A Polish-Georgian team of researchers in Kutaisi, Georgia, has discovered numerous artefacts dating back some 3,700 years. Such an old metric of the city may mean that present-day Kutaisi is the mythical capital of Colchis, Aja. It was there that the Argonauts were supposed to obtain the golden fleece, according to National Geographic.
Polish archaeologists have intensified their excavation research in Georgia in recent years. Together with local partners, they are carrying out projects to learn about the country’s distant past. The Prof. S. Krukowski Interdisciplinary Polish-Georgian Research Centre (KIRC), opened a few years ago and supported by the Polish Institute in Tbilisi, has been helpful in this regard.
Since 2017, a Polish-Georgian team of archaeologists led by Dr Jack Hamburg of the KIRC and Dr Roland Isakadze of the National Agency for the Preservation of Cultural Heritage of Georgia have been researching Kutaisi’s most ancient past. This third largest city in Georgia is located on the picturesque Rioni River. It is inhabited by almost 150,000 people. During excavations in 2023, surprisingly early traces of human presence were found there.
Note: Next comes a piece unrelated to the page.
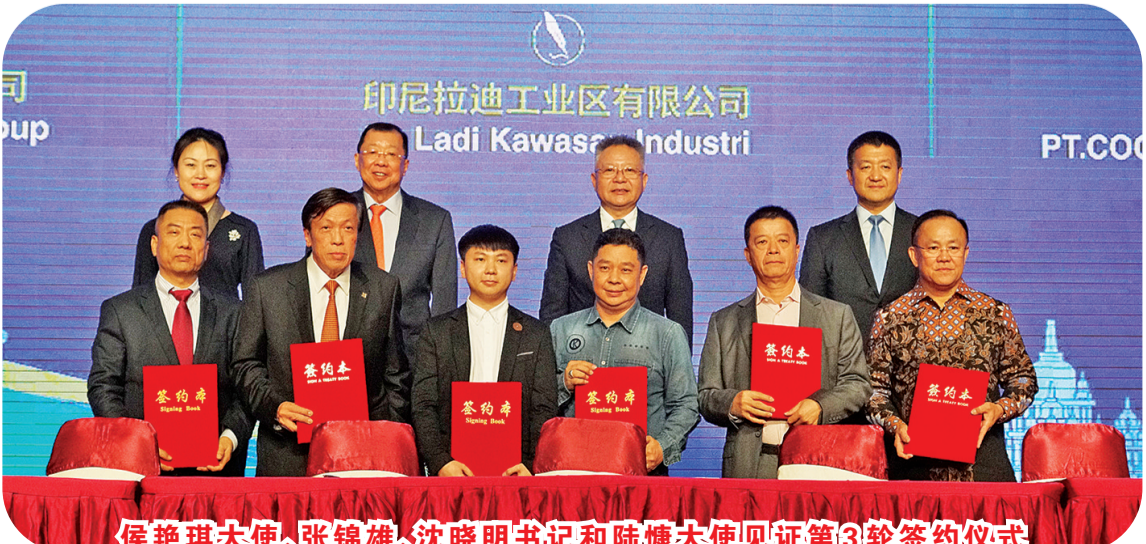
侯艳琪大使、张锦雄、沈晓明书记和陆慷大使见证第3轮签约仪式

“Very distinctive pottery, bronze knives, flint and stone arrowheads and spearheads, stone whetstones, ceramic weights for weaving, querns and a set consisting of a mortar and pestle are just some of the artefacts found in the deepest layers of the excavation”, said Dr Jack Hamburg of KIRC to National Geographic Polska.
The scientist explains that a large group of mainly local scientists and the people of Kutaisi themselves identify the city with ancient Aja, known mainly from the Greek poem ‘Argonautica’ by Apollonios of Rhodes. It speaks of the expedition of the Hellenistic Argonauts to retrieve the golden fleece – the wool of the winged golden lamb that helped Phryxos and Helle to escape. Underlying the expedition was the quest of Jason, leader of the Argonaut expedition, to regain power in Jolkos in Greek Thessaly. It is one of the most famous Greek myths.